Joshua Mosley: dread

Exhibition Dates: January 16 - March 29, 2009

ICA Winter Opening Reception: Thurs, Jan. 15 from 6-8pm

Joshua Mosley titled his most recent installation dread after photographer Eadweard Muybridge's motion study sequences of a dog named Dread. Made over a two-year period, Mosley's dread is composed of five bronze sculptures, and a six-minute, black-and-white, animated video that combines computer and stop-motion animation, as well as the artist's own music and dialogue.

dread is installed in two adjacent rooms. The first houses five, small bronze figures on pedestals spaced about the room. Enter the second room to see the film, projected large so as to evoke the scale of the environment the characters inhabit: a real world place created using sequenced still photographs. But unlike the real world, music notes replace ambient sounds. Composed by the artist, each character has its own "soundtrack." dread follows philosophers Jean-Jacques Rousseau and Blaise Pascal on something of a nature walk. They encounter flora and fauna, and engage in conversation about existence, God, and nature; in the end, they encounter Dread.

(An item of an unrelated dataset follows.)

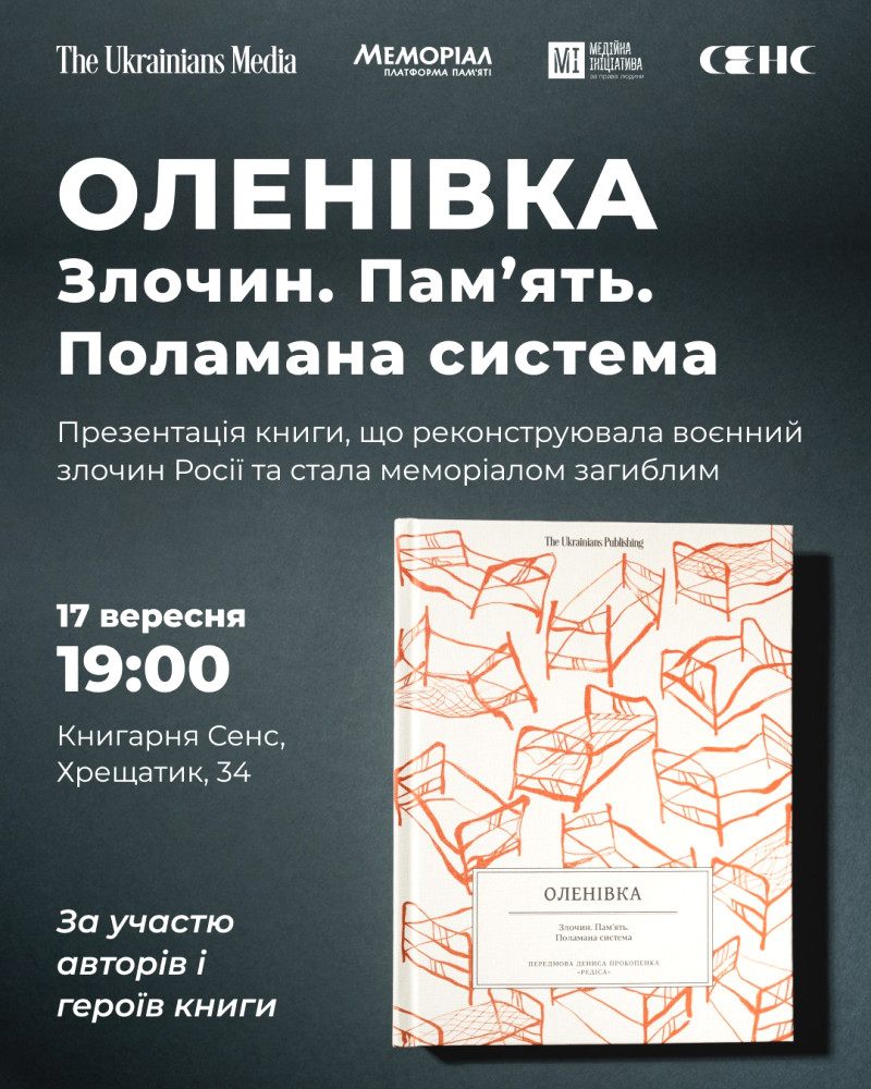 17 вересня о 19:00 в Києві, у книгарні “Сенс” (Хрещатик, 34), відбудеться захід, присвячений новій книзі “Оленівка. Злочин. Пам’ять. Поламана система”, де братимуть участь автори та свідки подій.
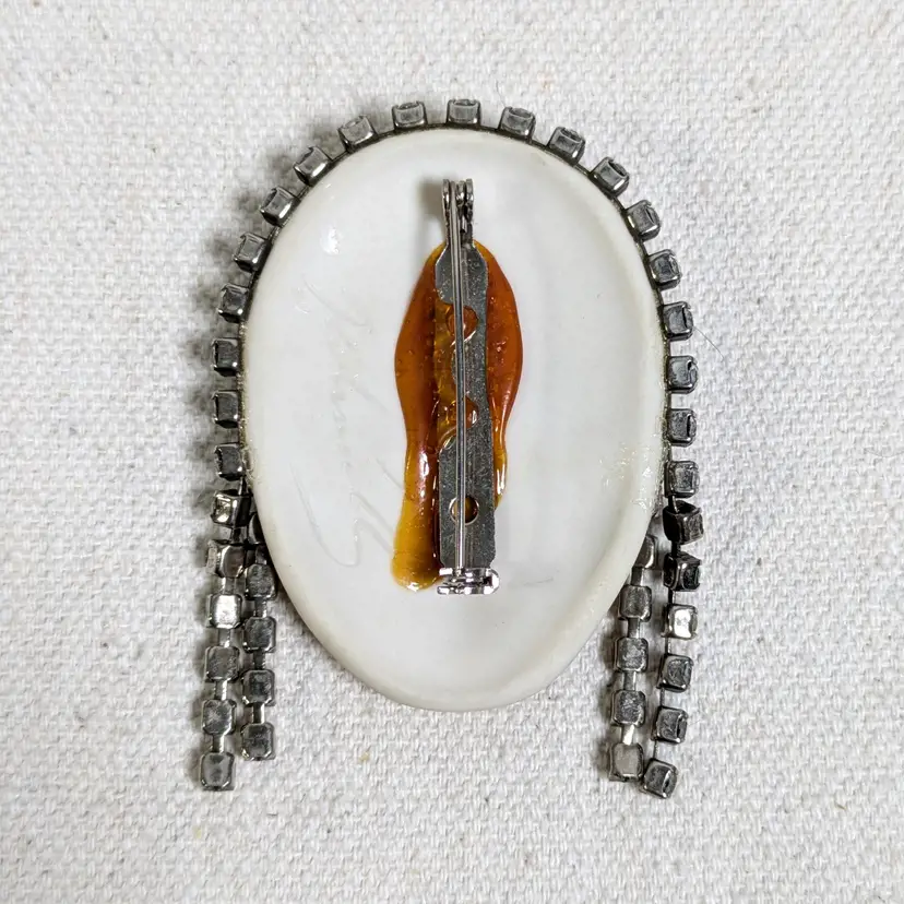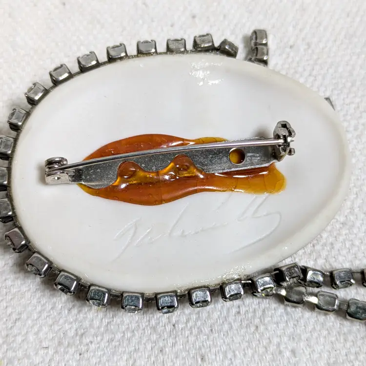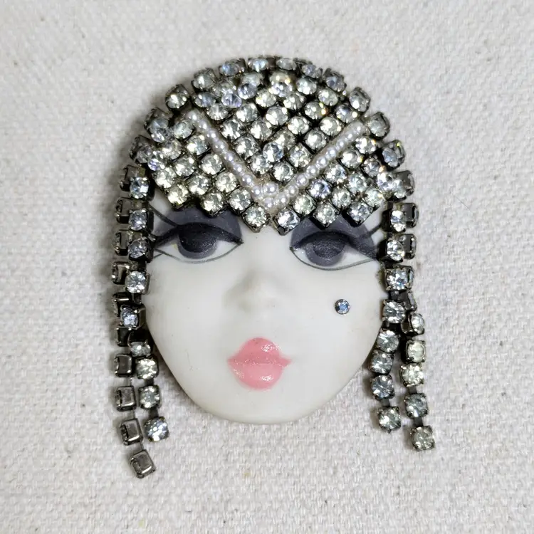Charming vintage brooch featuring a flapper face adorned with sparkling rhinestones and faux pearls. Perfect for adding a touch of 1920s glamour to any outfit. Signed on the back.

Joshua Mosley (b., Dallas, lives Philadelphia) is Associate Professor of Fine Arts in the School of Design at the University of Pennsylvania. He received his M.F.A. and B.F.A. from The School of the Art Institute of Chicago. Mosley is a recipient of the Joseph H. Hazen Rome Prize, the Pew Fellowship in the Arts, the Louis Comfort Tiffany Foundation Award and the Pennsylvania Council on the Arts Fellowship. His work has exhibited and screened at the 2007 Venice Biennale, Museum of Modern Art, New York, Modern Art Museum of Fort Worth, Museum für Gegenwartskunst, Basel, Art Institute of Chicago, Bruce Museum in Greenwich, Connecticut, Reina Sofia, Madrid, Philadelphia Museum of Art, Donald Young Gallery, Chicago, Institute of Contemporary Art in Philadelphia and Museum of Contemporary Art San Diego. In 2007 dread premiered to critical acclaim at the Venice Biennale.